The lines to print run from the top of the material below to the line with "Buddy: The Buddy", inclusive; please copy them exactly, without pictures.
BEGIN
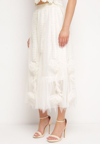 Jasnobeżowa Spódnica o Rozkloszowanym Kroju z Transparentnym Tiulem i Falbankami Asmerra
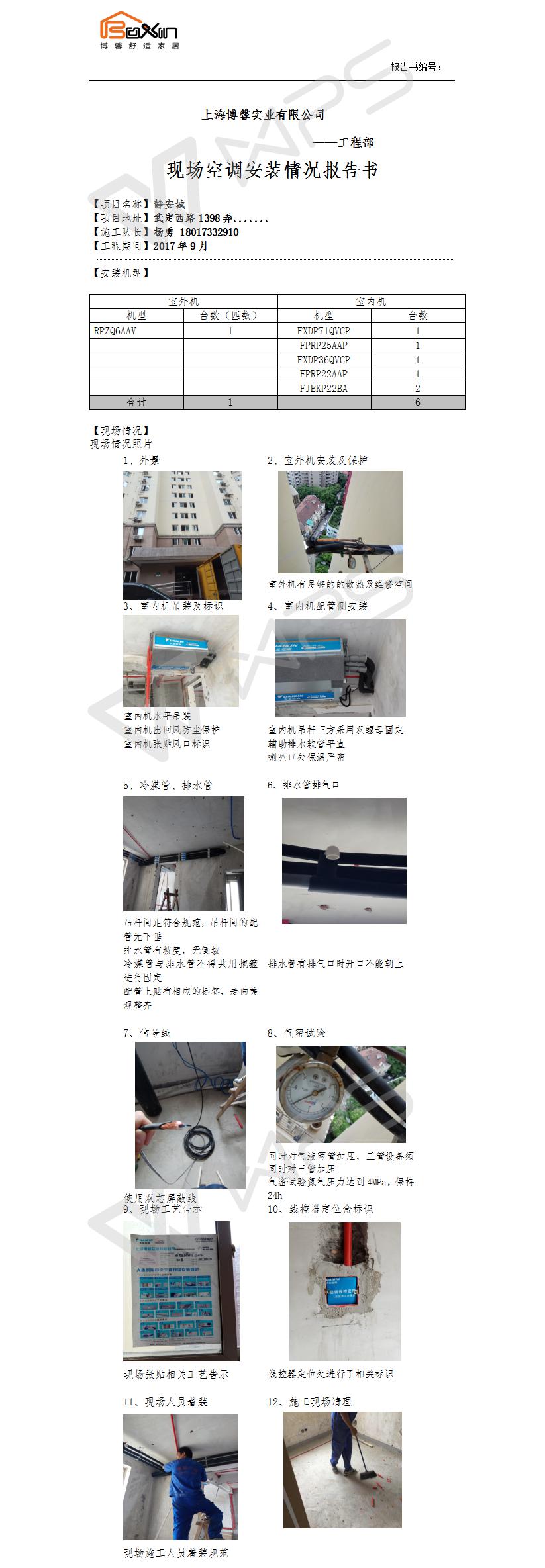 静安城空调施工报告书
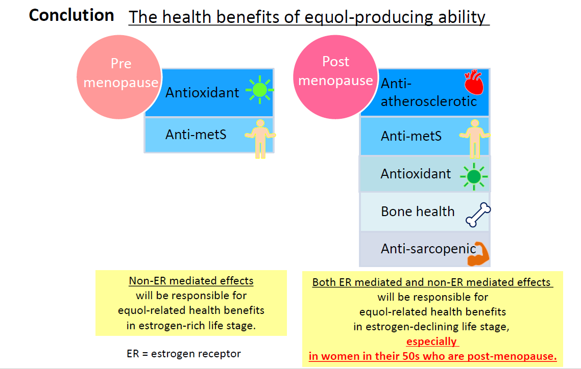 この研究は、女性の健康とエイジングケアにおいて、エクオール産生能の維持・向上が重要な役割を果たすことを示しました。
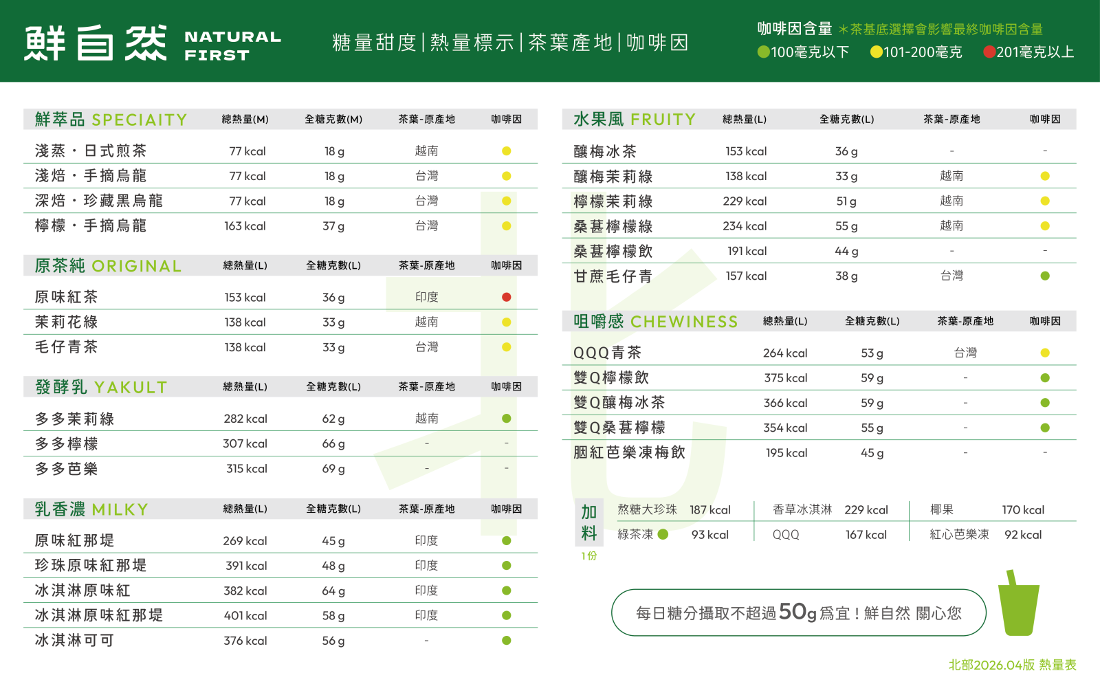 產品標示|熱量|咖啡因
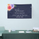 Ein Hochzeitsbanner, der sagt: Willkommen bei unserer Hochzeit mit Ihren personalisierten Namen. Entworfen mit einem hübschen Bouquet von Aquarellfarben-Rose und anderen bunten Flecken, Blätter und Ästen entlang der oberen und unteren Ecken. Set auf einem marineblauen Hintergrund.
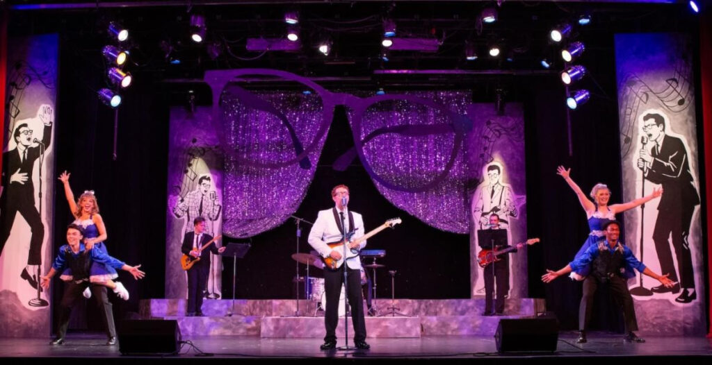 Buddy: The Buddy Holly Story covers the last few years of Buddy Holly’s short life. It begins in January 1956 as a country kid in Lubbock, Texas, and traces his path from early resistance to his sound, look, and creative control to chart-topping success as a rock and roll star. The story ends with the tragic February 1959 plane crash that has become known as “The Day the Music Died,” bringing an abrupt end to the lives of Buddy Holly and two fellow rising musicians. His untimely death is part of the arc, but the show’s real strength is that, through a spirited celebration of Buddy Holly’s music, you leave the theatre remembering the joy of his songs rather than the sadness of how his story came to an end.
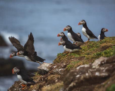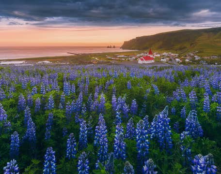 Efter at have besøgt de to vandgiganter i syd kører du til Reynisfjara, en sort sandstrand nær den lille by Vík. Denne strand er berømt for sit livlige fugleliv og stemningsfulde naturlige omgivelser. Der kan du sandsynligvis se flokke af søpapegøjer på jagt efter føde omkring de pyramideformede basaltsøjler, der udgør Reynisfjaras klipper.
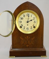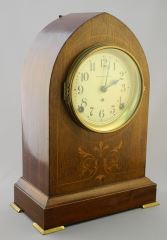 Henry Birks & Sons Inlaid Mahogany Marble Clock, 13 1/4"H.
END
Solution to this task.
 Jasnobeżowa Spódnica o Rozkloszowanym Kroju z Transparentnym Tiulem i Falbankami Asmerra
 静安城空调施工报告书
 この研究は、女性の健康とエイジングケアにおいて、エクオール産生能の維持・向上が重要な役割を果たすことを示しました。
 產品標示|熱量|咖啡因
 Ein Hochzeitsbanner, der sagt: Willkommen bei unserer Hochzeit mit Ihren personalisierten Namen. Entworfen mit einem hübschen Bouquet von Aquarellfarben-Rose und anderen bunten Flecken, Blätter und Ästen entlang der oberen und unteren Ecken. Set auf einem marineblauen Hintergrund.
 Buddy: The Buddy Holly Story covers the last few years of Buddy Holly’s short life. It begins in January 1956 as a country kid in Lubbock, Texas, and traces his path from early resistance to his sound, look, and creative control to chart-topping success as a rock and roll star. The story ends with the tragic February 1959 plane crash that has become known as “The Day the Music Died,” bringing an abrupt end to the lives of Buddy Holly and two fellow rising musicians. His untimely death is part of the arc, but the show’s real strength is that, through a spirited celebration of Buddy Holly’s music, you leave the theatre remembering the joy of his songs rather than the sadness of how his story came to an end.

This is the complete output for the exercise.